[Feature] Add scheduler for alpha/beta parameters of PrioritizedSampler #2452

LTluttmann · 2024-09-24T20:30:44Z

Description

Add scheduler for alpha/beta parameters of PrioritizedSampler.

Motivation and Context

Following the suggestions made by @vmoens in issue #1575, this PR adds different Scheduler classes through which the user can adjust the alpha and beta parameters of the PrioritizedSampler during training when using the PrioritizedReplayBuffer. This is explicitly suggested in the paper "Schaul, T.; Quan, J.; Antonoglou, I.; and Silver, D. 2015. Prioritized experience replay".

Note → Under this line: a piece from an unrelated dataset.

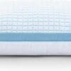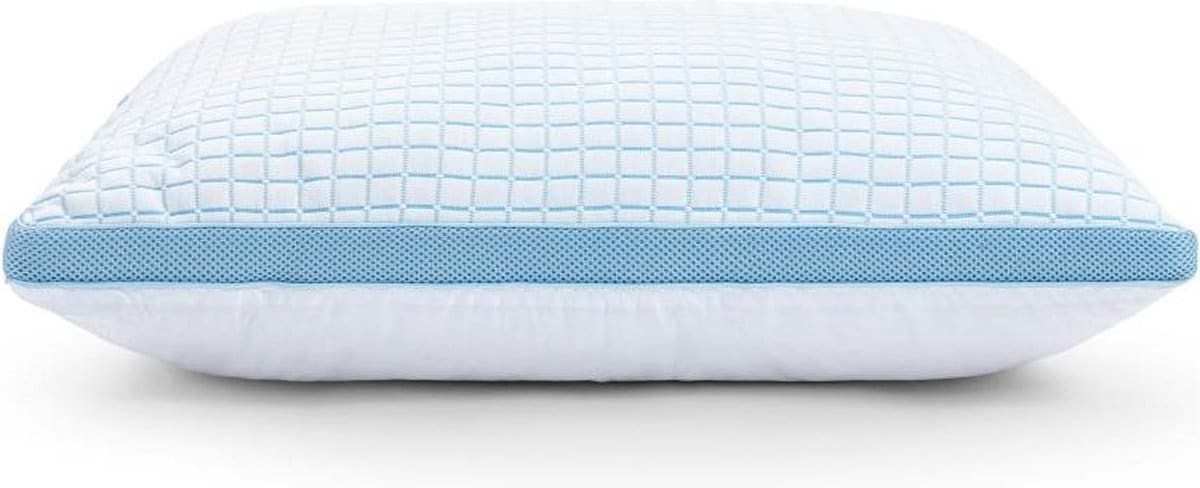 De bovenzijde is gemaakt van een ademende mix van 55% nylon en 45% polyester met verkoelende Blue Cell Tech, terwijl de onderzijde van 100% percale katoen zorgt voor een zacht en fris gevoel. Het luxe doorgestikte ontwerp, de blauwe bies en de 3D-ventilatieband maken dit kussen niet alleen functioneel, maar ook stijlvol.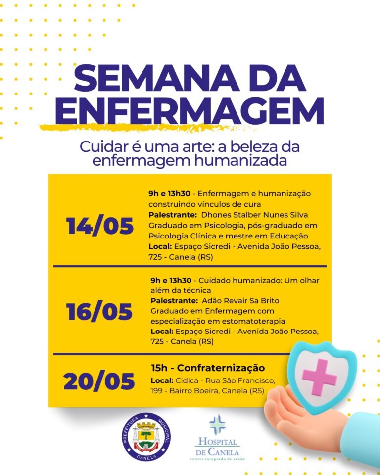 Visando debater o olhar humanizado na enfermagem, a Prefeitura de Canela, através da Secretaria Municipal de Saúde, realizará a Semana da Enfermagem com atividades nos

The main reason to use separate scheduler classes for the annealing instead of a simple linear annealing (as also suggested by @vmoens in issue #1575) is the greater flexibility for the users. This way, the annealing can take place for example after taking a sample from the replay buffer or after a full training epoch (depending on where the user places the scheduler.step() command). Also, through the LinearScheduler, StepScheduler and LambdaScheduler different annealing schemes can be used (or new ones can be easily created).

I have raised an issue to propose this change (required for new features and bug fixes)

Types of changes

What types of changes does your code introduce? Remove all that do not apply:

Bug fix (non-breaking change which fixes an issue)
New feature (non-breaking change which adds core functionality)
Breaking change (fix or feature that would cause existing functionality to change)
Documentation (update in the documentation)
Example (update in the folder of examples)

Checklist

Go over all the following points, and put an x in all the boxes that apply.
If you are unsure about any of these, don't hesitate to ask. We are here to help!

I have read the CONTRIBUTION guide (required)
My change requires a change to the documentation.
I have updated the tests accordingly (required for a bug fix or a new feature).
I have updated the documentation accordingly.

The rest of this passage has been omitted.